The RAS model does not make specific predictions about different sources of political information (Zaller, 1992: 43–44). While its main purpose is to account for information flows in the mass media age, Zaller maintains that its principles can apply to other domains such as face-to-face interaction (1992: 287–289). The claim that e-campaigning cannot produce attitude change can thus be understood within the RAS model: because exposure to online politics is defined as intentional, its audience is predicted to be mostly composed of ‘those who tend toward moderate to high levels of political awareness’ (Bimber and Davis, 2003: 135). Leaving aside the fact that moderately aware citizens are often the most persuadable sector of the electorate according to the RAS theory, reinforcement in e-campaigning can be understood as an empirical case in which a low-intensity message reaches only highly aware voters who select online sources that are consistent with their political preferences; these preferences, in turn, inoculate them against attitude change: hence, attitudes can only be reinforced. Thus, empirical evidence gathered while e-campaigning was at the dawn of its development has been generalized to a theory that the Internet cannot channel medium-intensity messages reaching beyond the most aware citizens. This, however, is a particular empirical configuration, not an intrinsic property of the medium. The RAS model would predict a different outcome if online campaigning achieved greater intensity.
Various developments suggest that e-campaigning could be conducive to at least medium-intensity messages that reach moderately aware voters, particularly in the United States. First, the size of the audience has grown substantially. During the 2008 US presidential election, 55 percent of Americans with Internet access used the Web for campaign-related activities (Pew Internet & American Life Project, 2009). In September 2008, more than a month before the vote, Barack Obama’s website had almost eight million separate monthly visitors and John McCain’s had more than four million. 3 While reaching a larger portion of the public does not guarantee catering to a politically broader population, modeling these developments through the RAS theory suggests that, as e-campaigning becomes more intense, it can reach persuadable moderately aware voters.
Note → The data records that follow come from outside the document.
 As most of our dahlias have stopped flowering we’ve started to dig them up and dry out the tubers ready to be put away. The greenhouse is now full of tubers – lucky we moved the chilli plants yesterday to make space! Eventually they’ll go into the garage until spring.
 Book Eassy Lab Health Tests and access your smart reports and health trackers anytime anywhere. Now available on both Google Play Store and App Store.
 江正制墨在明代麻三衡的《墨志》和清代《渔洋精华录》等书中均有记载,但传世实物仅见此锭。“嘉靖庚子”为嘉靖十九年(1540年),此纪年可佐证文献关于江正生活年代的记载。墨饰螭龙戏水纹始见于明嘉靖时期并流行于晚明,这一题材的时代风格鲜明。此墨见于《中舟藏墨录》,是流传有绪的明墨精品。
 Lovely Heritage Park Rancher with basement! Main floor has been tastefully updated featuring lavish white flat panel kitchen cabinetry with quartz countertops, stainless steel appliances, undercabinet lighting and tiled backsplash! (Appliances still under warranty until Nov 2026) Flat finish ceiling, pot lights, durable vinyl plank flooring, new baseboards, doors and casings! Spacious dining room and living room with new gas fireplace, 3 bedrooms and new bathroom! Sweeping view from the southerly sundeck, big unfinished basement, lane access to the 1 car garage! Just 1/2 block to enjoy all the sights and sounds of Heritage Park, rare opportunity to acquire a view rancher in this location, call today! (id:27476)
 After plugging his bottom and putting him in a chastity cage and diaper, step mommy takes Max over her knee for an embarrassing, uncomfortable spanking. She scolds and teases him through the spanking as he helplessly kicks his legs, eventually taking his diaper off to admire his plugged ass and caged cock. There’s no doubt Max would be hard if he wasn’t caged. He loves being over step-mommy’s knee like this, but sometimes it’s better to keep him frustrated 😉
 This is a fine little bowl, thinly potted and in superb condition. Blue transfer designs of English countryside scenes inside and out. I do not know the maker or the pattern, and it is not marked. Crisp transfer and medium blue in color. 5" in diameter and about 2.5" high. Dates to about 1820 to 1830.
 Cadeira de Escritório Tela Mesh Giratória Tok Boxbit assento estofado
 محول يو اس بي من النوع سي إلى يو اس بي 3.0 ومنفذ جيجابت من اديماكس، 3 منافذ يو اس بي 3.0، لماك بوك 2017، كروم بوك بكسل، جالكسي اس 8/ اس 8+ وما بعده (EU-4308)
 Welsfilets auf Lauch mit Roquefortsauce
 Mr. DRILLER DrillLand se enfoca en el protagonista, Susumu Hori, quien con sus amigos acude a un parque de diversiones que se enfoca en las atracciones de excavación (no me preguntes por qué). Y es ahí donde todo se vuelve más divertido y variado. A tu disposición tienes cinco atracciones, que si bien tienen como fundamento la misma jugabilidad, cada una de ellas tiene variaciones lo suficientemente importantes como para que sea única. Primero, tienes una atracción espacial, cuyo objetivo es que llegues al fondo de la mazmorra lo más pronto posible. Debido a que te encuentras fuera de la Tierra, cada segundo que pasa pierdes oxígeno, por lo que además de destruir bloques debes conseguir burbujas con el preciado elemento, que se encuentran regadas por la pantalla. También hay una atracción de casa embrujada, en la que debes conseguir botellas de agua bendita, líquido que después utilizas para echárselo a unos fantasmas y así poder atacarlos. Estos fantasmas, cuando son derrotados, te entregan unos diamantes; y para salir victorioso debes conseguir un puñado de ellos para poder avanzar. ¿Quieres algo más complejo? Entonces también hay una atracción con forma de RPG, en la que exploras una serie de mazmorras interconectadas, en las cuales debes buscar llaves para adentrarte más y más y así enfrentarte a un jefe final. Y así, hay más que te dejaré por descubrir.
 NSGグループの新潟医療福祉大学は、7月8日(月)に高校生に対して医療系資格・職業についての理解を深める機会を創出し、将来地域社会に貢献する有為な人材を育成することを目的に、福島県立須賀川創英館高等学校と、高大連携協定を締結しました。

Second, e-campaigning has changed qualitatively as well as quantitatively. Web 2.0 environments, based on low-threshold contributions by large numbers of users (Chadwick, 2009), have expanded the content and interaction opportunities available to online audiences, thus increasing the probability that citizens encounter unexpected messages. Since citizens are more likely to find attitude-discordant political content in non-political online environments than in overly political spaces (Wojcieszak and Mutz, 2009), Web 2.0 platforms, being typically non-political, may enable serendipitous exposure to politically dissonant content among a much larger number of citizens than the less populated chat rooms and forums of yesteryear. The RAS model would predict that these developments imply an increase in the intensity of online political messages.
Moreover, the dialogic and networking opportunities of contemporary Internet platforms may augment their credibility, as noted by various scholars of rhetoric. Gronbeck and Wiese argue that digital media contribute to ‘de-massification and, hence, repersonalization of campaign processes’ (2005: 529), thus facilitating connections between politicians and citizens. E-campaigning may be more likely to persuade citizens because it enriches their experiences and takes their identities into account. Relatedly, Warnick claims that online interactivity ‘plays a role in persuasion by bringing users to identifying themselves with the speakers’ interests’ (2007: 71). From this perspective, the dialogic and relational affordances of e-campaigning environments may promote mutual identification, which rhetoric scholars consider a prerequisite for persuasion.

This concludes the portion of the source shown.